Click the Links below for more thinking on the subject
  
Russia attacked Afghanistan so they could have a fossil fuel transportation corridor to the lucrative Pakistani and Indian markets; the United States intervened by supporting Afghani warriors “freedom fighters” as they were called and they drove the Russians out, this gave birth to the Taliban.  The Taliban gave refuge to Osama bin Laden and a stronghold for al-Qaeda in the Pashtun region of the country. It then became necessary to bomb the al-Qaeda stronghold and invade the country. It is important to note that many in the United States governing body wanted to take a stronger presence in Afghanistan post the Russian occupation, had they done so the Afghanistan story would be much different – because of passive foreign policy however, in excess of a decade of war and hardship ensued. Even now, having been through the cycle before and post a trillion dollar military adventure, we (the west) are poised to make the same error in Afghanistan. We need to focus on effectiveness in the Middle East, on outcomes there and stop letting western election cycles and the whimsy of the populous politics determine our course.
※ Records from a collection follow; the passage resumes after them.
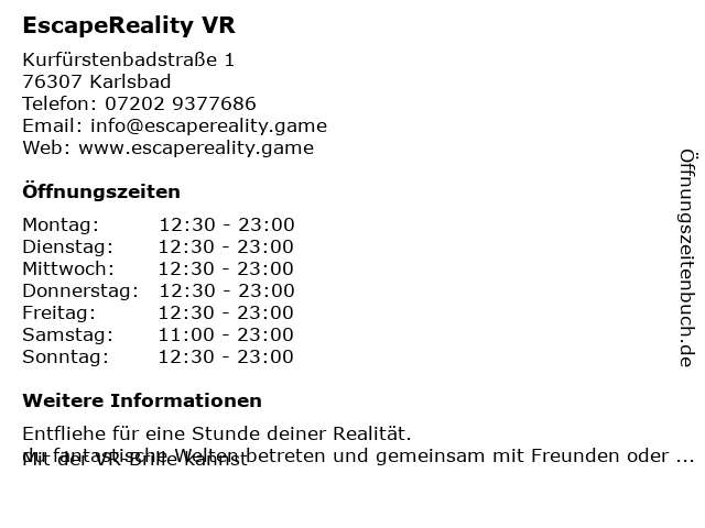 | Öffnungszeiten EscapeReality VR in Karlsbad anzeigen | |
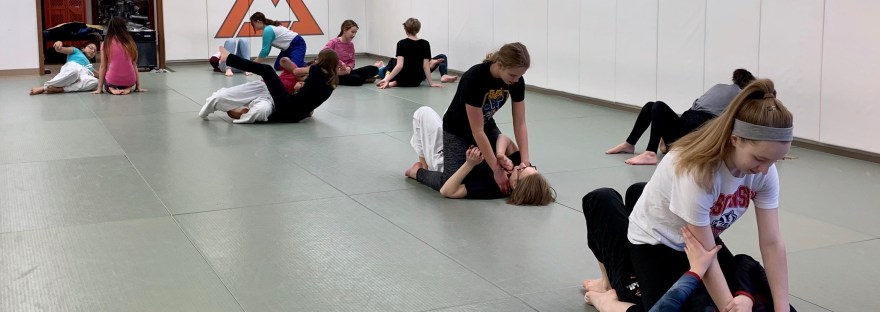 Brazilian JiuJitsu is excellent for women’s self-defense in particular, as they are more likely than men to be at a significant physical disadvantage if they are attacked. Featured in women’s self-defense concerns is rape prevention, and BJJ addresses this well. While students learn techniques from standing to be able to get grabbing hands off and to throw someone to the ground, jiujitsu is mainly a ground-based sport. We are not defeated when our backs are on the ground and we have a person between our legs. Instead, we are the aggressors in that position with a rich and powerful menu of options to utilize, and hours of experience applying our moves on men who do not want to tap and are resisting 100%.
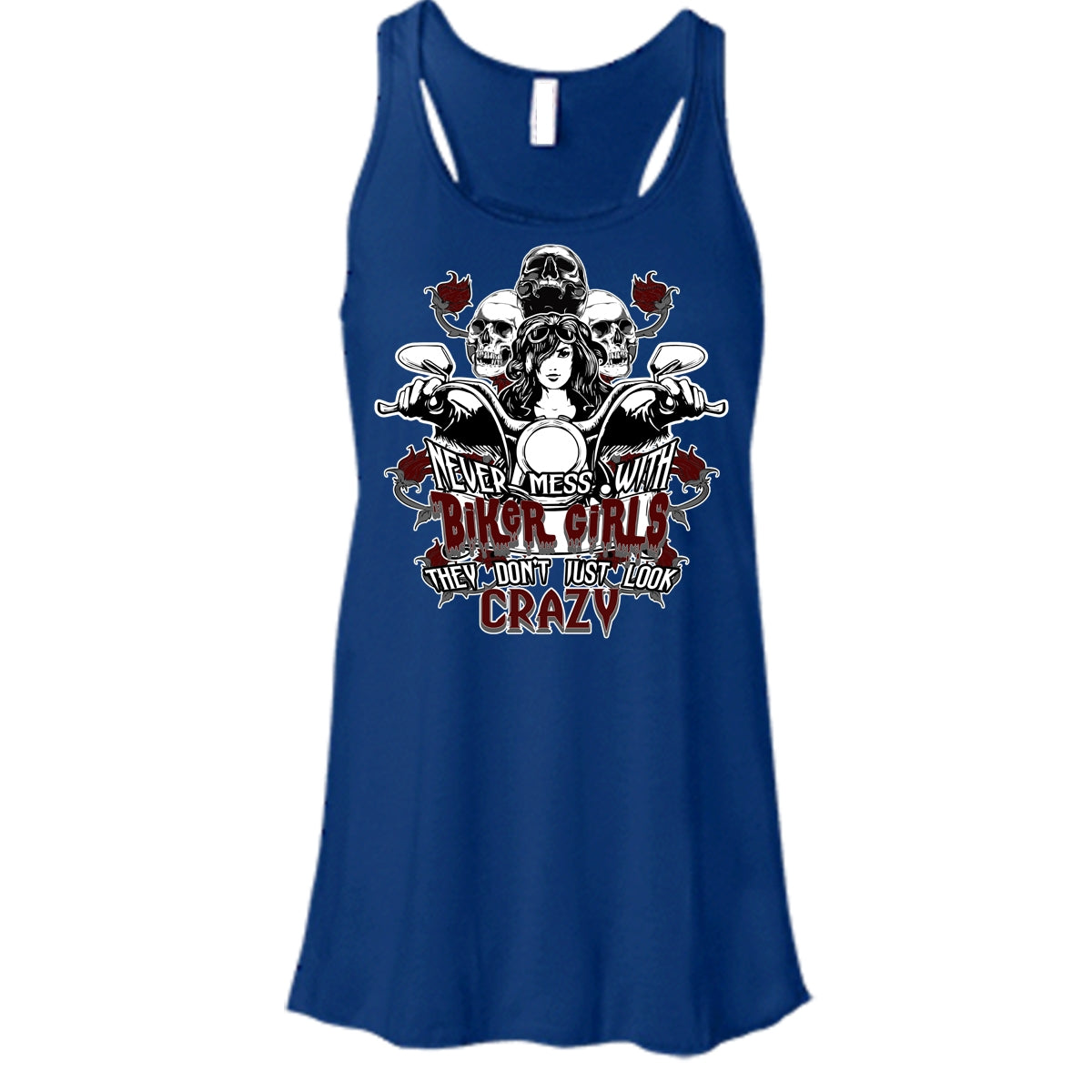 Never Mess With Biker Girls T Shirt, They Don't Just Look Crazy T Shirt, Cool T Shirt

Having seen this same process unfold several times elsewhere, we had to once again repeat history in Iraq. The Coalition took Iraq handily militarily speaking and then invested trillions of dollars, thousands of lives, millions of civilians killed, injured and displaced to win the peace, to effect a secure living circumstance for the country. This was a herculean undertaking with an unspeakable human toll, only to walk away to let the cycle unfold again, in was popular to take US troops out of Iraq – it was just stupid in the extreme. Granted there are other causal elements at play in the rise of ISIS, the “desert spring” and the collapse of several national orders in quick succession has played a role as well, the point is that had the US maintained military presence, there would be remaining a point where order exists. The two little boys who drowned were Kurds, “Kurdistan” or the Kurdish region of Iraq was beginning to prosper before the war do a degree and then gained momentum as the new order in Iraq took form; most of Kurd’s progress took place with just western air support. Had we (the west) exercised our obligation to protect, had we stayed the course, those two little boys would have opportunity to be living in a stable and prosperous place.

The generous country of Canada never killed those boys; a dismal circumstance and extended western neglect did.